Background/Objectives: Variations in image clarity across different OCT devices, along with the inconsistent delineation of RNFL boundaries, pose a challenge to achieving consistent diagnoses for glaucoma. Recently, deep learning methods such as GANs for image transformation have been gaining attention. This paper introduces deep learning methods to transform low-clarity images from one OCT device into high-clarity images from another, concurrently estimating the retinal nerve fiber layer (RNFL) segmentation lines in the enhanced images. Methods: We applied two deep learning methods, pix2pix and cycle-GAN, and provided a comparison of their performance by evaluating the similarity between the generated and actual images, as well as comparing the generated RNFL boundary delineation with the actual boundaries. Results: The image conversion performance was compared based on two criteria: Fréchet Inception Distance (FID) and curve dissimilarity. In the comparison of FID values, the cycle-GAN method showed significantly lower values than the pix2pix method (p-value < 0.001). In terms of curve similarity, the cycle-GAN method also demonstrated higher similarity to the actual curves compared to both manually annotated curves and the pix2pix method (p-value < 0.001). Conclusions: We demonstrated that the cycle-GAN method produces more consistent and precise outcomes in the converted images compared to the pix2pix method. The resulting segmented lines showed a high degree of similarity to those manually annotated by clinical experts in high-clarity images, surpassing the boundary accuracy observed in the original low-clarity scans.

1. Introduction

Quantitative measurement of retinal nerve fiber layer (RNFL) thickness around the optic disk, facilitated by optical coherence tomography (OCT), is essential for diagnosing and monitoring glaucoma. However, a significant limitation arises due to discrepancies in diagnostic outcomes across different OCT devices. These variations stem from differences in image clarity and the proprietary algorithms used to measure RNFL thickness. This lack of compatibility between devices presents challenges in clinical communication across institutions with different equipment, impeding the transfer system and substantially impacting disease diagnosis and patient follow-up. Consequently, a solution that enhances device compatibility is urgently needed.

1.1. Related Work

In the field of computer vision, the issue of image data transformation is a very important topic, and many deep learning methods have been developed. Since the introduction of generative adversarial networks (GANs) [1], a widely recognized deep learning method for image conversion, numerous image processing techniques utilizing GANs have emerged. These methods include tasks such as enhancing image resolution [2], manipulating images by adjusting latent variables [3,4,5,6], and blending the styles of two distinct images [7,8,9]. Among these, image-to-image translation involves transforming an input image into another image with a specified target style. For example, this includes converting grayscale photos to color images or transforming horse images into zebra images.
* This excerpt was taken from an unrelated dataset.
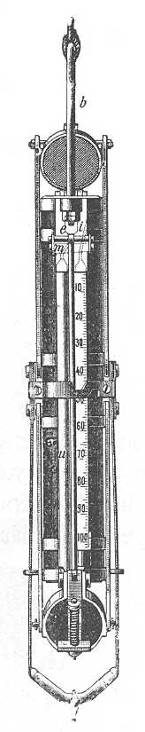 Változó súlyú és térfogatú areométerek. Legjobb közülük a BUCHANAN-tól a Challengeren alkalmazott minta, mely a 97. rajzon látható. Egyetlen műszer lehetségessé teszi a tengervíz sűrűségének igen pontos megmérését, miután egyszersmindenkorra meg van határozva a műszer sulya, továbbá térfogata és a milliméterekre beosztott pálcza egy skálarészének térfogata. Az areométert tengervizet tartalmazó mérőhengerbe teszik; gyűrűalakú ismert súlyokat raknak a műszer szárán levő kis asztalkára, a mire a víz szintje bizonyos skálarészre beáll. Ezzel ismerik a lemerült V térfogatot, vagyis a helyéből kiszorított víznek a térfogatát; a műszer és a hozzáadott gyűrűk súlyának összege megadja a kiszorított víznek P súlyát és P/V megadja S4t sűrűséget a kísérlet tartama alatt érvényes t hőmérséklet mellett, ha az összes súlyokat a 4 fokos viz sűrűségére számítottuk át. A műszerek mindegyikéhez csatolt táblázat megadja a műszer súlyának és az egyes skálarészekhez tartozó térfogatoknak pontos értékét, valamint a szükséges korrekcziókat is. A leolvasás megtörténte után új súlyokat lehet a műszerre rátenni és ezzel a pálczának másik beosztását hozni a víz szintjébe; így több sűrűség-megfigyelést lehet végezni

In the field of ophthalmology, some studies have been presented on transforming OCT images into new images using GAN techniques. For example, a method for drusen segmentation in en face OCT images was proposed by combining the pix2pix method, a type of GAN, with an embossing technique [10]. A method using cycle-GAN for OCT image-to-image translation was presented to reduce domain differences [11]. A 3D cycle-GAN approach was proposed to translate retinal OCT images into confocal microscopy images [12]. An optimized GAN framework for generating realistic OCT B-scan images of diabetic macular edema (DME) was introduced [13]. An unsupervised unpaired learning approach was presented to reduce image variability across different OCT devices [14].

1.2. Contribution

One of the objectives of this study is to establish a method for transforming OCT images captured with Cirrus spectral-domain OCT (SD-OCT; Zeiss, Oberkochen, Germany) into clearer images, similar to those obtained with Spectralis SD-OCT (Heidelberg Engineering, Heidelberg, Germany). Another objective is to automatically generate RNFL boundary lines in the transformed images that resemble those drawn by clinical experts. To achieve the second objective, the model must also learn to create RNFL boundary lines during the image transformation process. We employed a deep learning model called GANs for image-to-image translation. Specifically, we present an application of pix2pix and cycle-GAN methods, which are types of GANs, enabling the generation of high-clarity images with RNFL segmentation lines.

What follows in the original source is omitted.